In many salons, teamwork is quietly defined as everyone keeping up—same pace, same expectations, same output. But real teamwork is not about identical performance. It is about understanding that every groomer brings different strengths, different limits and different needs. And those differences are what make a team function.

Some groomers thrive in fast-paced, high-volume environments; others shine when working with nervous, senior or behaviorally complex dogs; some excel at detail and precision; and others are exceptional at flow, communication or emotional regulation under pressure. A strong team is not made of interchangeable parts—it is built on balance.

Supporting each other does not mean lowering standards or ignoring accountability but rather recognizing that capacity changes. A groomer who usually handles high-stress dogs may need lighter assignments during an injury or flare-up. Someone who is typically social may need quiet rather than conversation when overwhelmed. When support is normalized, asking for help does not feel like failure.

Noticing a Struggle Before Crisis
Because groomers are skilled at masking, distress is often subtle. That is why awareness matters. Changes like increased irritability, withdrawal, more frequent mistakes or avoiding certain tasks can all be signs that someone is struggling. Noticing these patterns is not about diagnosing or confronting but about checking in while there are still options.

How we check in matters. Supportive communication does not require deep emotional conversations or forced vulnerability. In fact, those approaches can feel overwhelming when someone is already under strain. Simple, neutral language often works best. Statements like, “I’ve noticed you seem more exhausted lately.
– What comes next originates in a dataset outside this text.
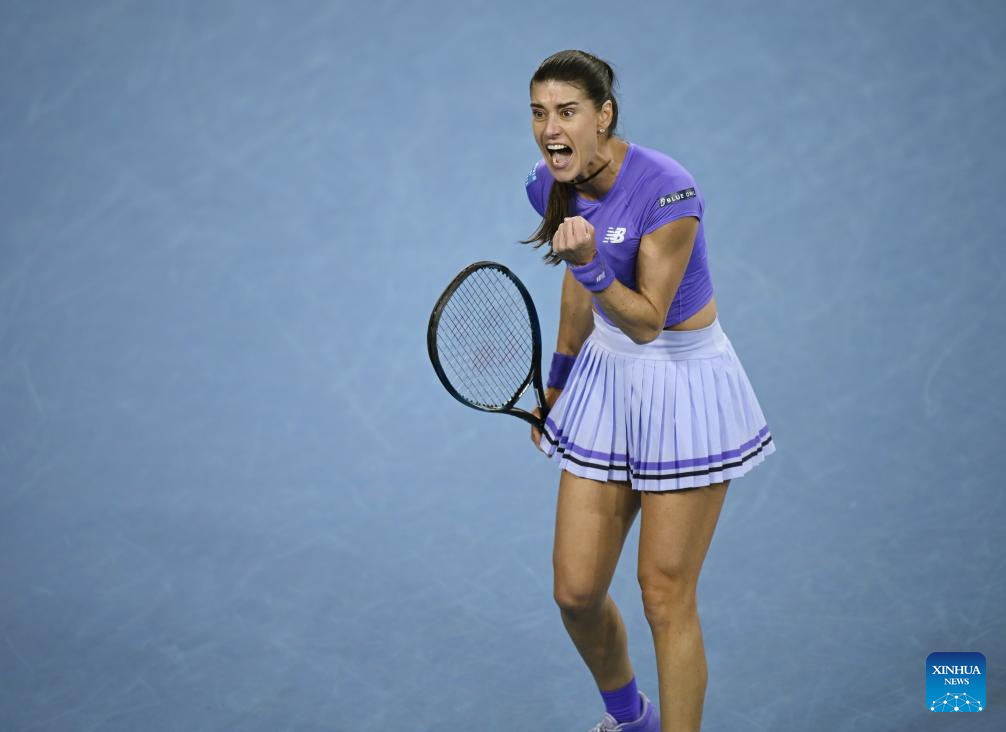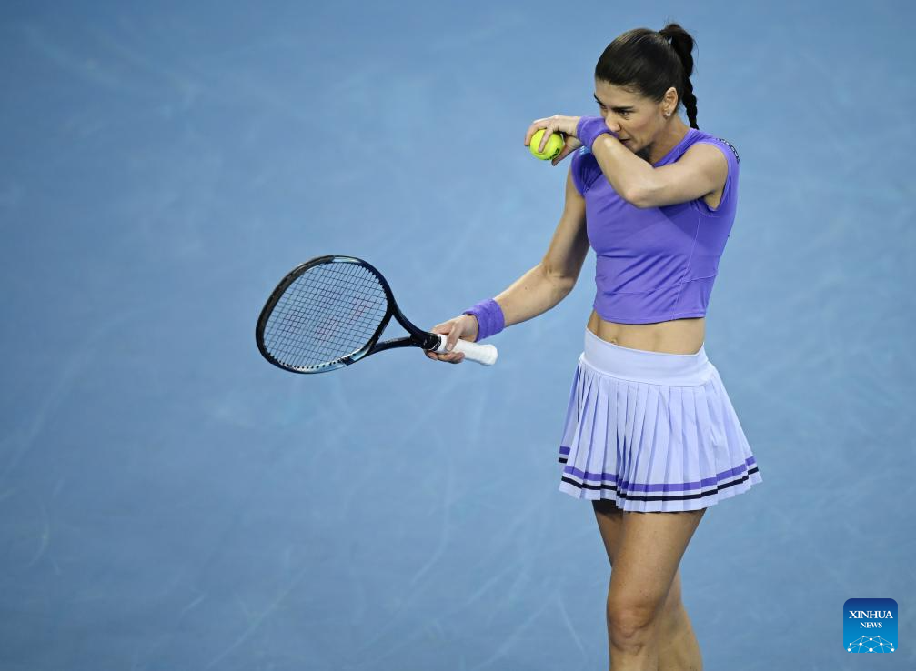 Sorana Cirstea reacts during the women's singles 2nd round match between Osaka Naomi of Japan and Sorana Cirstea of Romania at the Australian Open tennis tournament in Melbourne, Australia, Jan. 22, 2026. (Photo by Wang Shen/Xinhua)

Is there anything we can adjust?” or “Do you want support right now, or space?”

Give someone room to respond honestly without feeling cornered. Offering options instead of solutions keeps autonomy intact. Respecting a “not right now” response builds trust and makes future check-ins more likely to succeed.

Self-care in grooming is often framed as something handled outside of work hours but much of what protects groomers happens on the floor, during the day, with other people.

Building Support into the Culture
Supportive teams do not happen by accident. They are shaped intentionally, starting with hiring, onboarding and leadership practices. Interviewing for fit means being honest about the sensory, physical and emotional demands of the salon. It also means inviting conversations about needs early on rather than waiting for problems to surface. Asking how someone recognizes burnout in themselves, what support has helped them succeed in the past or what accommodations allow them to do their best work creates clarity on both sides.

Preparation is a form of care. When someone is overwhelmed, injured or emotionally flooded, clear thinking is often the first thing to go. Teams that establish shared language and expectations ahead of time are better equipped to respond calmly and effectively when stress is high.

Self-care in grooming is often framed as something handled outside of work hours, but much of what protects groomers happens on the floor, during the day, with other people. When teams normalize asking for help, adjusting workload and supporting each other’s limits, self-care becomes a shared practice. Accountability and compassion can coexist. Productivity does not disappear. It becomes sustainable.

Strong teams do not expect everyone to be everything, every day. They notice. They check in. They make room when someone needs to sit down.

The mask is not the enemy. It is a tool many groomers use to get through demanding days. The real risk is being the only one who knows it is there. And in an industry built on care, we owe that same care to each other.